Cory Prager is part of a growing community leading us into the next generation of mountain biking. Prager coaches the Steamboat Springs Winter Sports Club's Gravity Team and helped build the pump track in Ski Time Square. Since I have been a bit confused by the new terminology, I called Cory to get up to speed.
Riley Polumbus: What is freeriding?
Cory Prager: Freeriding was generated from when people started using manmade obstacles and the natural terrain to jump off things and make biking more challenging for them.
Polumbus: What is downhilling?
Prager: Downhill racing is when one person races the clock on courses that vary from big motocross-style double jumps to rocky technical terrain to really steep terrain. It's all a point A to point B, fastest time down the mountain.
Polumbus: So, it's kind of like downhill skiing?
Prager: Yes, and actually these riders are sprinting every chance they get, it's incredibly demanding on cardio and also strength.
Polumbus: What is slopestyle?
Prager: Slopestyle is when you start at the top of a course and negotiate a series of stunts and you are judged on style.
Polumbus: When you use the term "gravity," what does that mean?
Prager: The generalized gravity term is based on what ski areas have been doing with their bike parks. It's gravity riding because bikers are using the lifts. Gravity events are downhill, mountain cross, dual slalom and super downhill, or "Super D."
Polumbus: What is a bike park?
Prager: A bike park is very similar to a terrain park. Ski mountains are using pieces of their land in the summer to build mountain bike trails that range from beginner to expert. Whistler was one of the original mountains to establish not only downhill biking runs but evolved into a bike park because it's a terrain park for bikes.
Polumbus: What is a pump track?
Prager: A pump track is a series of berms and rollers that allow you to keep up and maintain momentum through turns. Your biking skills become better because you become more confident in turning and learning how to absorb the terrain. It's an incredible workout.
Polumbus: So not only is a pump track fun to do and a good workout, but it's also teaching you skills.
Prager: Yes, all those really fundamental bike-handling skills. That's why the pump track is so cool. When I go to Ski Time Square, I see 5-year-olds to 65-year-olds enjoying it because it's all focused on those fundamental skills of cornering and learning how to handle your bike through different terrain.
Polumbus: With all these different styles, are there different bikes?
Prager: Generally pump track bikes are completely rigid hardtail bikes with a higher top tube and a compact geometry so you can wheelie over things while keeping the bike underneath you. Slopestyle bike park bikes can range from 4 to 7 inches of travel in the front suspension. Downhill bikes are the ones with the bigger, longer suspension — anywhere from 7 to 10 inches of travel — and meant to take a lot of abuse.

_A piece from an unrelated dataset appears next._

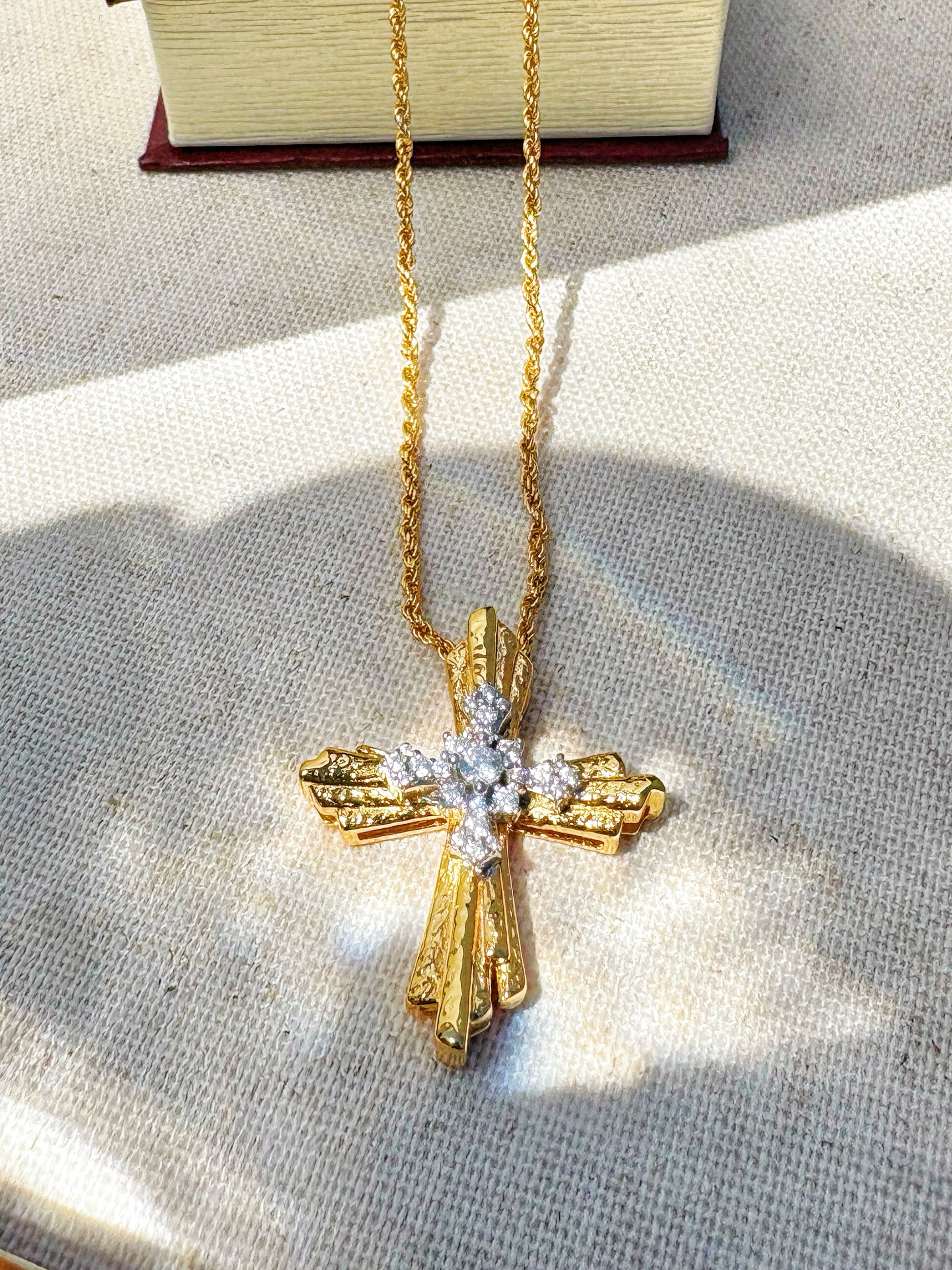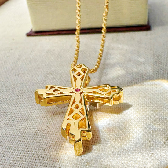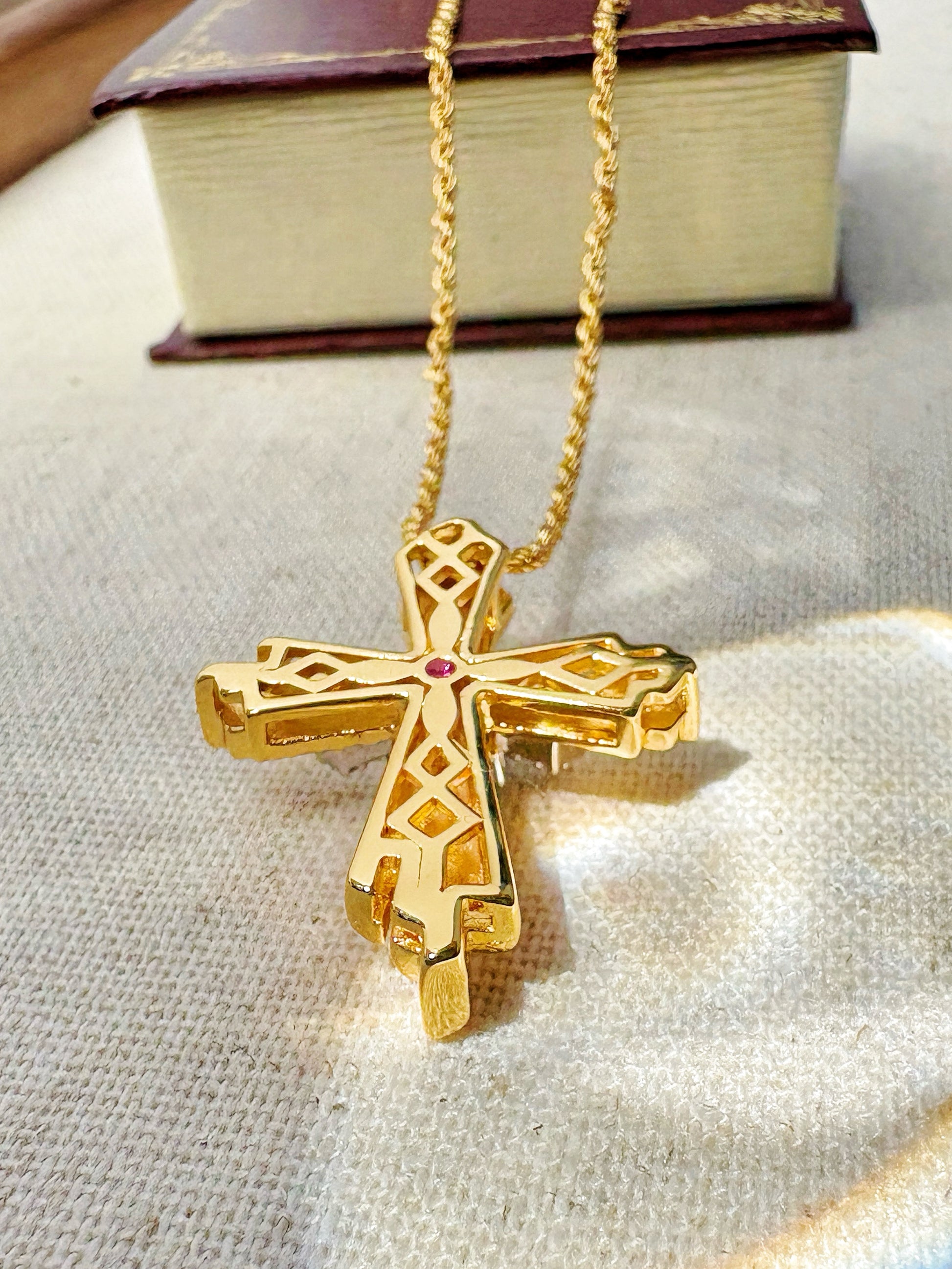 Heavily Crafted Double-Sided Cross Pendant Necklace
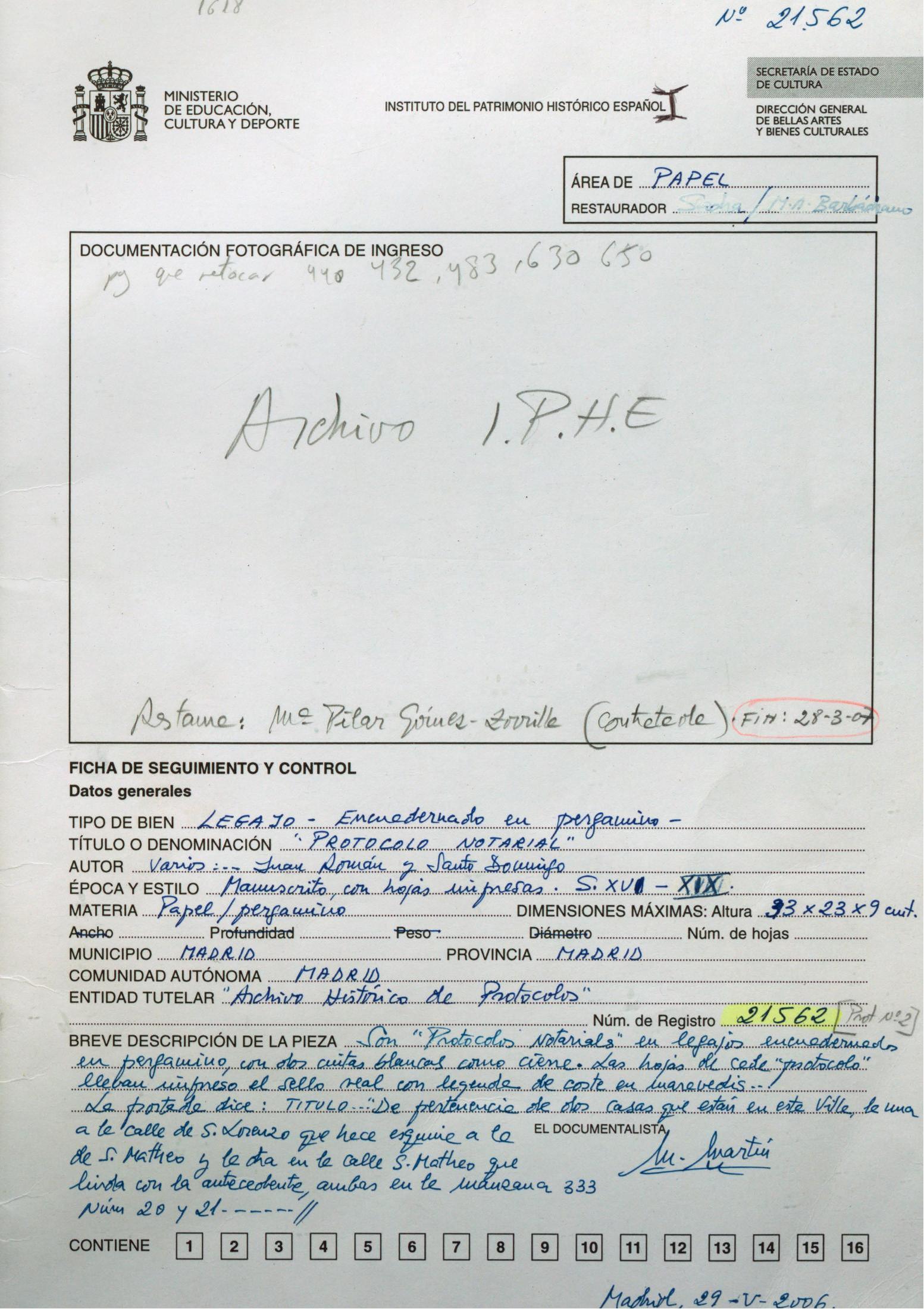 Restauración de dos protocolos notariales del siglo XVI procedentes del Archivo Histórico de Protocolos de Madrid

Polumbus: I thought mountain biking was just mountain biking, but then look at skiing. Skiing started off as a form of transportation and evolved into a sport. When Carl Howelsen came here, he taught us how to jump. If Carl Howelsen were a mountain biker, what type would he be?
Prager: He'd probably be a freerider. The one thing I have to say is it's not just one person doing this. We couldn't do this without the people behind it supporting the sport and making all this happen.